BERLIN (Reuters) - Standard & Poor’s (S&P) upgraded several of Deutsche Bank’s ratings, including its long-term issuer credit and senior preferred debt ratings, to “A-” from “BBB+”, citing gains from restructuring, the German lender said on Tuesday.
Ratings agencies including Moody’s and Fitch in recent months have also upgraded Deutsche, the nation’s largest lender.
The bank embarked on a restructuring in 2019, closing some businesses and shedding thousands of staff in an effort to return to profitability. In 2020, the bank posted its first full-year profit since 2014.
The reorganisation of Deutsche Bank is more decisive in addressing the bank’s main weaknesses with excessive costs and underperforming business units than its previous restructuring programmes, the bank quoted S&P as saying.
“We see greater rigor in senior management’s execution of the plan, and the bank is achieving its milestones as it works toward its 2022 financial targets,” S&P was quoted as saying.

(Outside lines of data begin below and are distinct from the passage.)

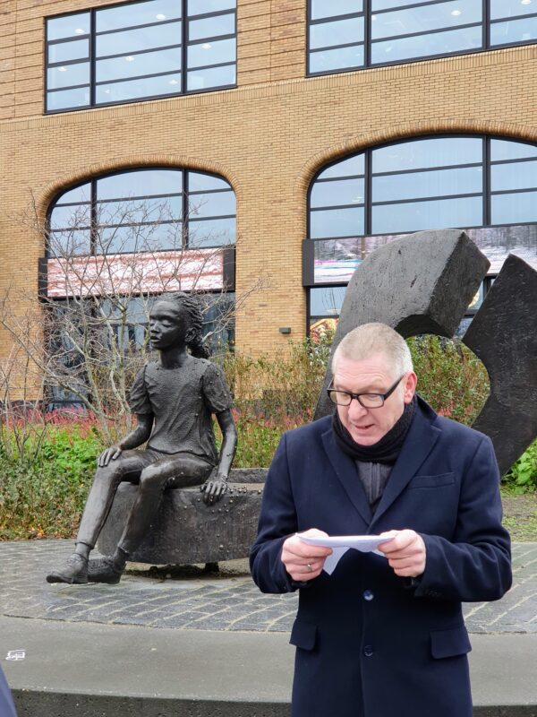 Vandaag werd bij het Slavernijmonument een nieuw icoon uit de reeks TilburgsAns aangeboden. Een bijzonder moment, omdat dit nieuwe beeld het monument en het gedeelde verleden van onze stad zichtbaar maakt voor een breed publiek.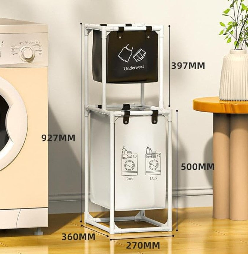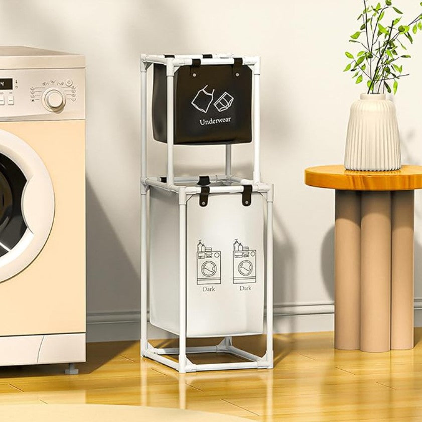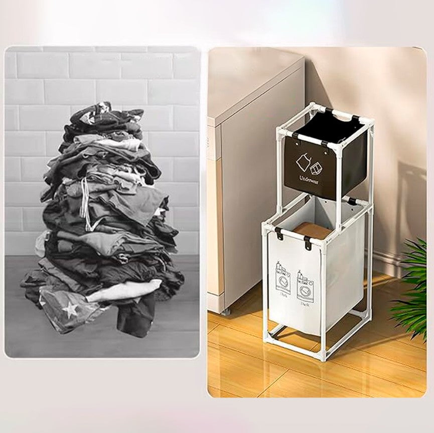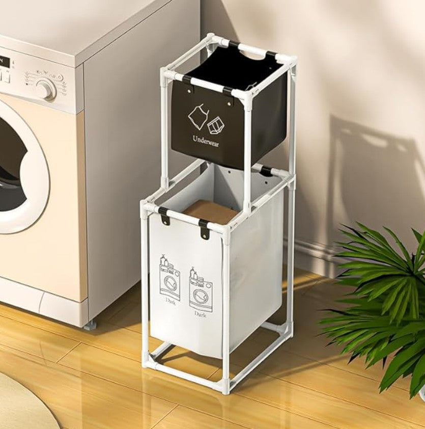 Con esta práctica y estilizada cesta clasificadora de doble nivel, podrás mantener tu ropa perfectamente organizada antes de lavarla.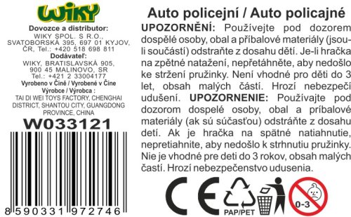 Auto policejní kovové. Rozměry 12x5,3x3,8 cm. Na zpětné natažení. Otevírací dveře. 2 varianty - černá, bílá.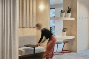The atrium evolves into a vibrant, multifunctional hub. A reception area anchors the visitor experience, while a central bar acts as a social catalyst. A variety of spaces, from open lounges to more intimate eat-and-meet settings, offer diverse atmospheres throughout the day. Different types of meeting rooms and an auditorium are positioned closer to the employees’ entrance, ensuring fluid circulation and supporting a dynamic, welcoming daily environment.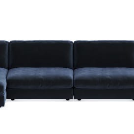 En stilren och rejäl soffa med metallben och sammetsliknande tyg i varm sand/beige ton. Väldigt bekväm sitthöjd (44 cm) och generöst sittdjup. Perfekt som mindre hörnsoffa eller loungedel. Klädseln på kuddarna går att ta av och tvätta, men själva soffan har fast klädsel.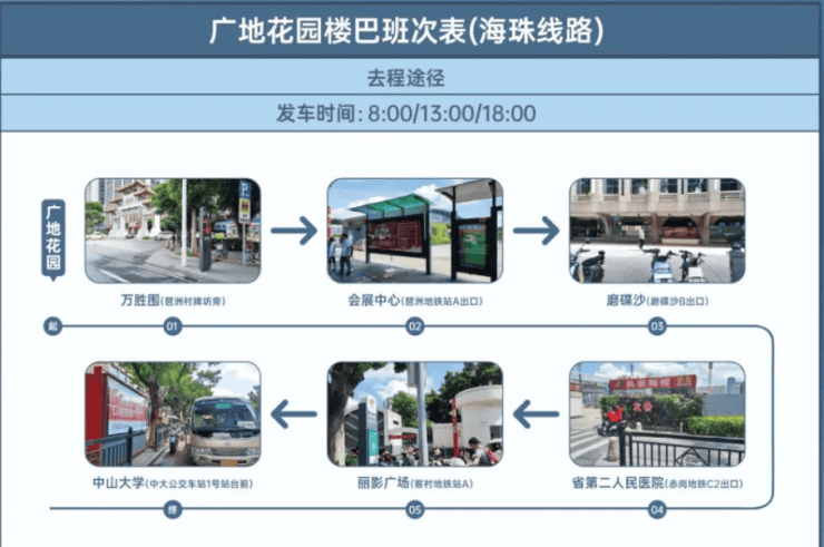 公交方面,小区门口有3个公交车站,广地花园站有2条线路,可达火车站以及地铁站,和塘步西站总共超20条线路,可无缝连接番禺、天河、海珠等地。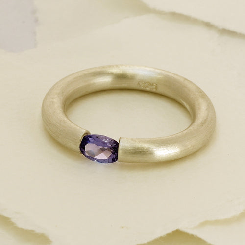Tanzanite Gemstone In A Satin Silver Band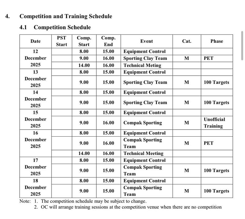 Dưới đây là chi tiết Lịch thi đấu bắn súng SEA Games 2025 - Nội dung bắn đĩa bay thể thao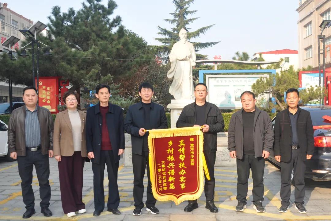2月28日上午,源匯區(qū)大劉鎮(zhèn)黨委書記郭嘉琦帶領(lǐng)鎮(zhèn)干部同大陳村“兩委”干部一行來到漯河市中醫(yī)院,將“深情幫扶辦實事,鄉(xiāng)村振興譜新篇 ”和“駐村幫扶勇?lián)?dāng),恪盡職守解民憂”兩面錦旗分別送到漯河市中醫(yī)院黨委副書記、副院長張文吉和醫(yī)院派駐大陳村“第一”書記朱振華的手中,以此感謝漯河市中醫(yī)院兩年多來對大劉鎮(zhèn)大陳村脫貧攻堅以及鄉(xiāng)村振興工作的傾情幫扶和大力支持,院黨委副書記、副院長張文吉帶領(lǐng)相關(guān)科室負(fù)責(zé)人接待并召開座談會。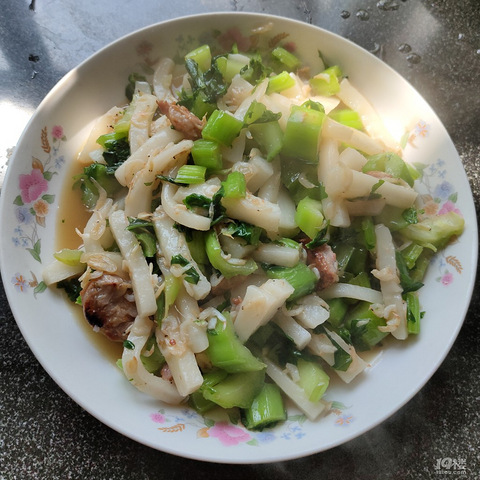 其他配菜先炒一锅蒿菜切碎点,比较香!年糕和菜梗先炒,半熟的时候再放入叶子再加入其他配菜翻炒用花草炒是一样!放了春笋,很鲜美!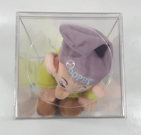 Walt Disney World Snow White and The Seven Dwarfs Dopey 7 1/2" Tall Toy Stuffed Plush Character in Display Case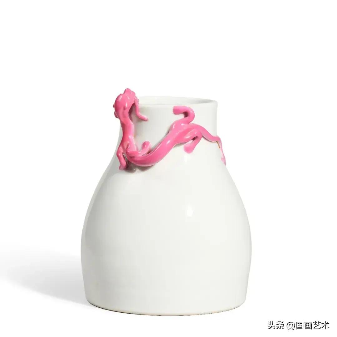 十八世紀 白釉胭脂紅彩蟠螭紋尊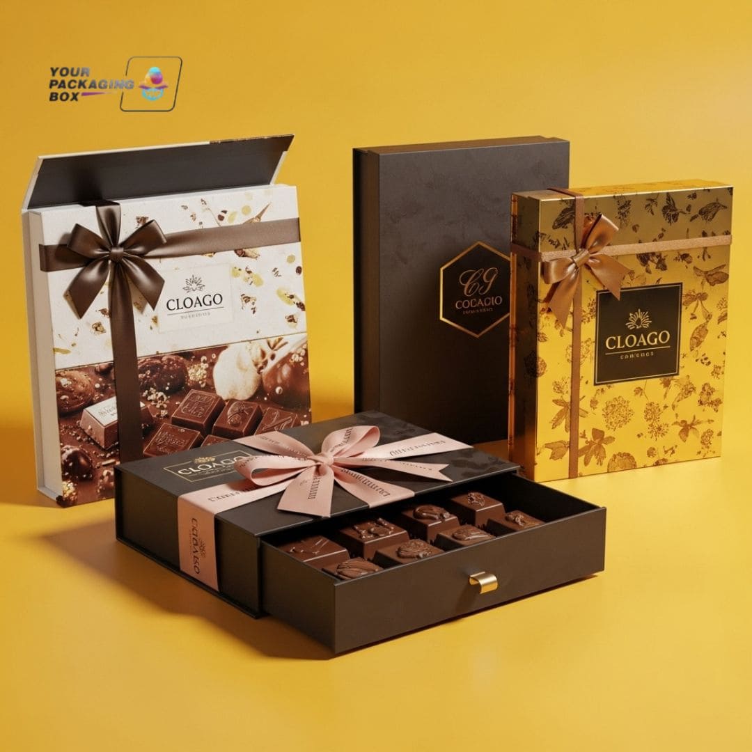It is an undisputed fact that everyone loves chocolate and it turns out to be even more special when served in a beautiful manner. That is why the gift boxes with chocolate should appear high-end and beautiful. Personalized chocolate boxes allow you to create chocolate boxes that are as sweet as the chocolate within them. Graphics also contributes significantly to the appearance of the box and make it look luxurious and welcoming. At Your Packaging Box, we make sure that each chocolate gift box is designed in the highest quality and details are taken into consideration.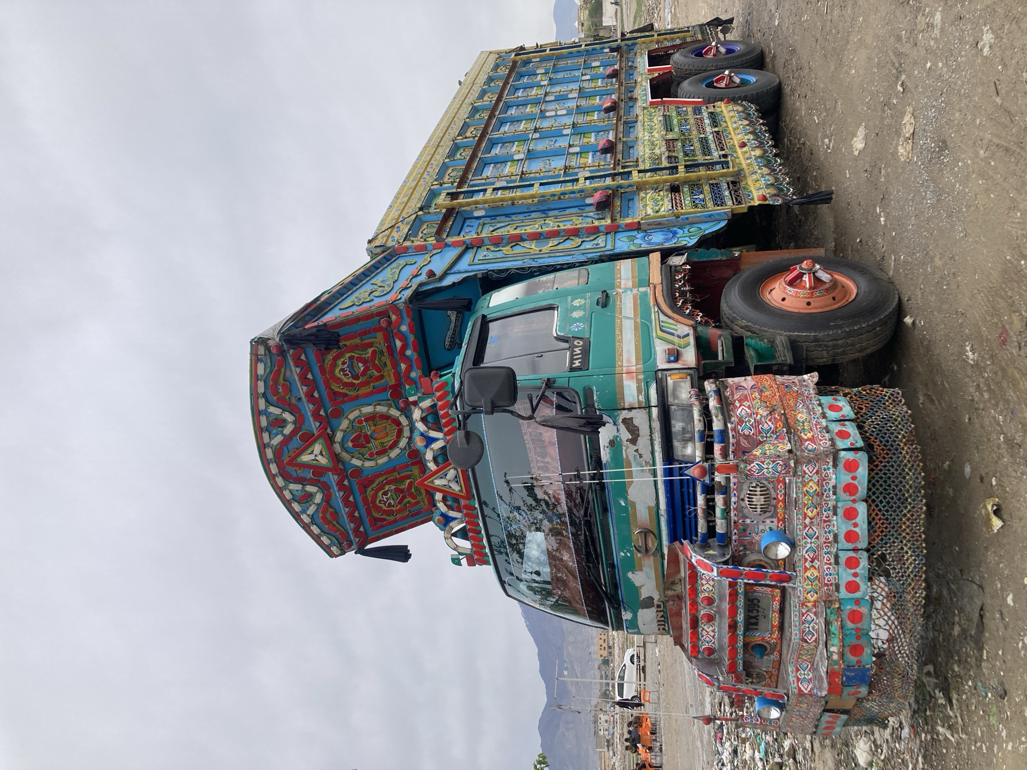 A heavily decorated Hino truck sits in what appears to be a parking lot or open area in Quetta City Tehsil, Pakistan. The truck is adorned with vibrant colors and intricate designs, covering its exterior. Mountains are visible in the background, and trash litters the foreground. The truck has a green cab, blue container and a lot of red, yellow and white patterns.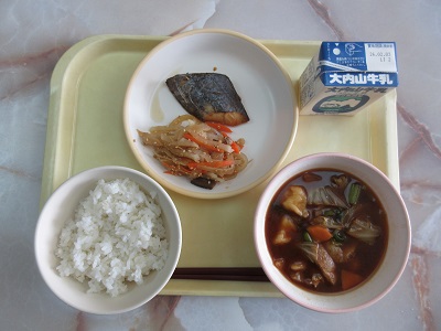 〇むぎごはん さわらのてりやき すいとん あいまぜ 牛乳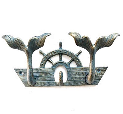 Cast Iron Tails of Mermaid Hook with Ship Wheel Blue with Bronze Finish 8" x 5"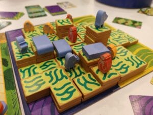 Mais attention les autres joueurs peuvent venir briser vos zones voire même vous les voler en étant majoritaires. Il est aussi possible à partir d’un certain niveau de jouer des rivières qui vont donneront de véritables bonus. Une variante avec des cartes un peu plus agressives est même disponible.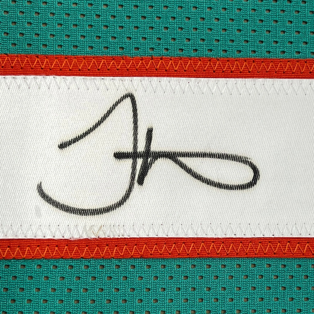 Framed Autographed/Signed Tyreek Hill 35x39 Miami Retro Teal Football Jersey JSA COA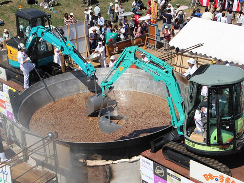 9月15日に『日本一の芋煮会フェスティバル』が山形市で開かれます。馬見ヶ崎川の河川敷にて《直径6.5m》の大鍋で《3万食》の芋煮が作られる、山形名物ビッグイベント!芋煮に使う食材は山形県産!里芋、牛肉、ねぎ、こんにゃく、水、どれも地元の自慢の食材ばかりです。それを、なんとおたまの代わりに《大型重機バックフォー》でかき混ぜて煮込む!おいしい芋煮を、みんなで食べよう!ぜひ実際に見て、食べていただきたいイベントです♪ーーーーーーさらに今年は、天童温泉から<専用バスツアー>が出発します!戻ってきたらそのままチェックインができる時間帯となります。芋煮を食べて温泉に入って、1泊して山形の初秋をご満喫ください♪もちろん、宿泊だけではなくお日帰りでもご参加いただけますのでお気軽にご利用くださいませ!!>>日本一の芋煮会バスツアーに申込む●ツアー料金大人 5,800円お子様 4,500円未就学児 4,500円(座席を使用する場合)●ツアーのスケジュール12:00 ほほえみの宿滝の湯(天童ホテルの隣宿です)12:10 松伯亭あづま荘12:45/15:00 日本一の芋煮会会場15:30 松伯亭あづま荘15:40 ほほえみの宿滝の湯●会場までの交通の心配いらず!会場周辺は駐車場もあまりなく、マイカーで行くと停められない、停められても会場まで歩いて30分などの問題がありますが、本ツアーにご参加いただければ天童温泉の旅館の駐車場にお停めいただきバスに乗り、降りたところが会場となります。●芋煮茶屋で芋煮食べ放題!大型テントの特設会場で、席に座ってゆっくり食べられるスペシャルコーナーです。山形名物の芋煮(牛肉しょうゆ味・特別芋煮一杯)、おにぎり、ドリンクのセットをご提供。(牛肉しょうゆ味芋煮のみおかわり自由)※バスツアーの主催はDMC天童温泉ですーーーーーー『第31回 日本一の芋煮会フェスティバル』日時:2019年9月15日(日)場所:山形市馬見ヶ崎川河川敷(双月橋付近)時間:8:30オープニングイベント 9:00セレモニー 9:30芋煮配食開始(整理券順)※芋煮は300円の協賛金で食べられます。※当日は芋煮引換用の整理券が配られます美味求真の宿 天童ホテルhttp://www.tendohotel.co.jp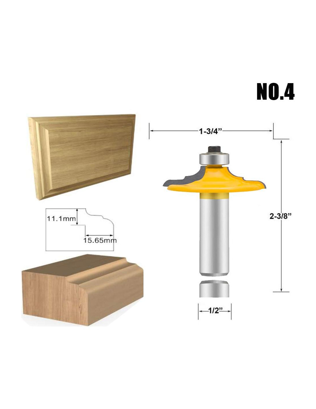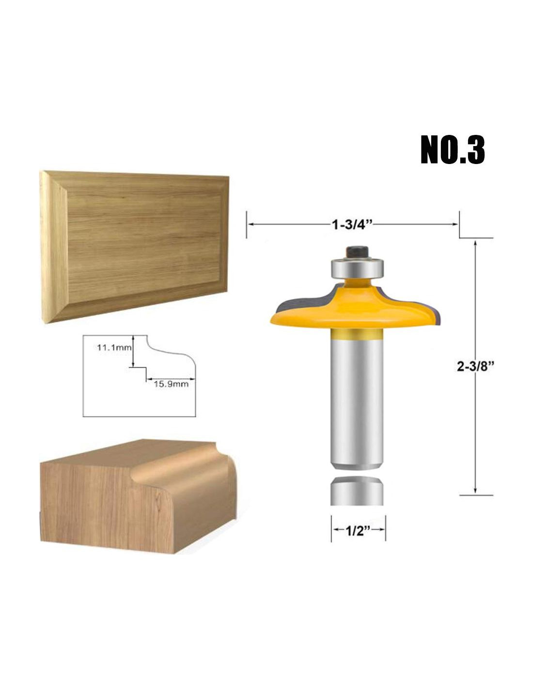 - {Tamaño Premium}--4 bordes para frentes de puertas y cajones. Este juego de bordes incluye 1 fresa de thumbnail, 2 fresas ogee (1 grande y 1 pequeña) y 1 redondeo con fresa ogee. Ejes de 1/2 pulgada (12.7 mm).

Deutsche Bank added its ratings are now in the “A” category with all leading rating agencies.
Credit ratings are critical for any company but especially for a bank such as Deutsche, which, like all financial institutions, is a big issuer of debt securities.
Higher ratings can result in lower funding costs, helping Deutsche return to more sustainable profitability.
“It’s very encouraging to see our progress on Deutsche Bank’s transformation recognised, once again, by a leading rating agency,” said Chief Executive Officer Christian Sewing.